Firma invitada M.C.M.E. para El blog de Lilih Blue

“Cuando nos enamoramos, queremos compartir todo con esa persona: nuestros sentimientos, intelecto y apetencias sexuales giran a su alrededor. Nos las prometemos felices y nos lanzamos a una vida en pareja, mediante contrato o sin él. La duración del enamoramiento es limitada: “no es bueno estar en la nube todo el rato” nos aseguran los expertos en química cerebral. Pero el amor permanece y nos aventuramos en una etapa criando hijos, que llenarán nuestras noches y días.

GTRES

Nuestra vida como pareja se puede ver reforzada o debilitada, porque nuestra prioridad son esos pequeñines a los que hay que cuidar. Vamos sumando aniversarios mientras los hijos crecen. Tal vez ya ni los celebres, o te regale, después de olvidarse los últimos años, un jersey horroroso y le dices que muy bonito, (pobre, que ya que se acordó).

Con el paso del tiempo cimentamos la soñada vida común, acumulando experiencias gratificantes y agravios. Las discusiones pueden ser un “más de lo mismo”, porque, nuestra memoria, no permite que nos olvidemos de antiguos rencores, que saldrán una y otra vez, cuando surja un desencuentro.

Nos volvemos tan previsibles, que es fácil dejarnos llevar por la rutina. Es posible que un silencio denso, insoportable, esté multiplicando la distancia, a una escala cósmica, del espacio que separa las butacas en las que sentados, veis alguna pantalla. Y pasan lustros, décadas, y te ves en la mitad de tu vida, con el tiempo lleno de ocupaciones.

¿Y el tiempo para el sexo?
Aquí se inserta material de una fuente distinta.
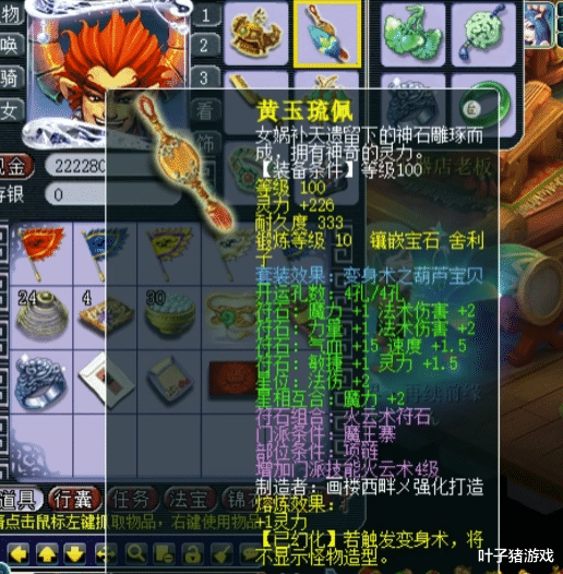 腰带位置为100级愤怒、葫芦宝贝,镶嵌了10锻光芒石,算是高端PK玩家必备。

Las amistades te dicen: “A los cincuenta lo que quieres es dormir, o prefieres leer un libro antes que ponerte al tema, o tienes más ganas que tu pareja, que ya casi ni te mira“. Igual estáis instalados en la falsa calma de los que llevan tiempo juntos y apenas comparten sus inquietudes y mucho menos sus ilusiones, y ya ni siquiera discuten porque les parece un esfuerzo inútil, y el sexo esporádico.

Como dice la canción de Luz Casal: “Y no me importa nada, nada…escucho tus bobadas acerca del amor y del deseo… Que rías o que sueñes, que digas o que hagas… Por mucho que me empeñe… Que vengas o que vayas…”

La pareja necesita tiempo para compartir ideas, afecto y el deseo sexual, porque si no, su vida puede resumirse en un compartir piso, con derecho a roce o no. Buscar tiempo para los dos, para hablar de lo que pensáis y sentís. Poner en común para mejorar. Elegir actividades para disfrutar juntos. Planificar un viaje. Revisar todo lo que se puede cambiar. Olvidar lo que no permita avanzar. Organizar una cena o comida romántica de vez en cuando. Hacer todo aquello que os impulse a seguir adelante juntos, porque creáis que merece la pena.”